Antitrust rulings exempted trade association from antitrust laws so long as they
did not explicitly seek to coordinate prices. In the 1920s, the prevailing attitude in
the country and in the courts seems to have been more akin to Andrew
Carnegie's views than those of Adam Smith. Consequently, the U.S. Steel ruling
may simply reflect this counter tendency to embrace monopoly rather than fight
it.

Alcoa (1945)
The government filed an antitrust suit against Alcoa in 1937, alleging that
it had monopolized the aluminum refining market. The judge in the case found
that Alcoa had more than 90 percent of the market for virgin aluminum (i.e.,
aluminum refined from scrap was excluded from the market). The remainder of
the market was supplied by foreign imports. However, most imports were from
Alcoas wholly-owned Canadian subsidiary.
The most important point in the case stemmed from the judges ruling that
Alcoas market share was "enough to constitute a monopoly." The judge found
that Alcoa had done nothing illegal or unethical in acquiring its monopoly.
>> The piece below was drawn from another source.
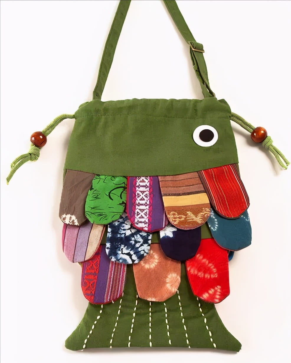 束口袋大家通常认为就是一个袋子做成方形的,穿上一根绳拉紧就可以,其实这样也是最基础的,今天随小编同学我们来学习一个小鱼束口袋的做法,不但效果好外观功能也是非常吸引眼球的,先来看看成品,很多网友表示看完都称不但实用,外观还好看!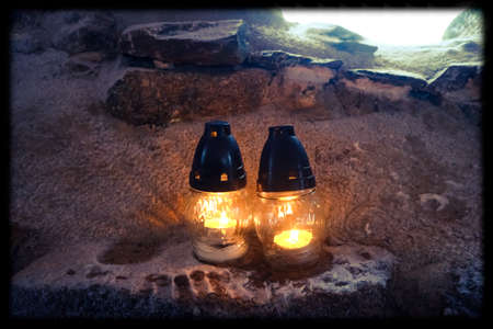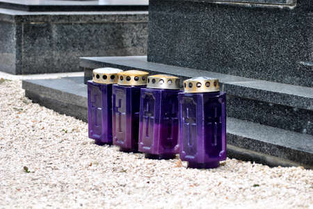 burning candles in colorful lanterns on the grave, candle background

It had
simply undertaken a policy of anticipating growth in aluminum demand, and then
building the capacity needed to supply the increase in demand ahead of time.
This created a significant barrier to entry for other firms who found it hard to enter
a market where Alcoa seemed to always have more than enough capacity to
satisfy the market. It was clear to the judge that Alcoa was not building the
capacity as an anti-competitive tactic, but was rather simply doing an outstanding
job of anticipating growth in its industry.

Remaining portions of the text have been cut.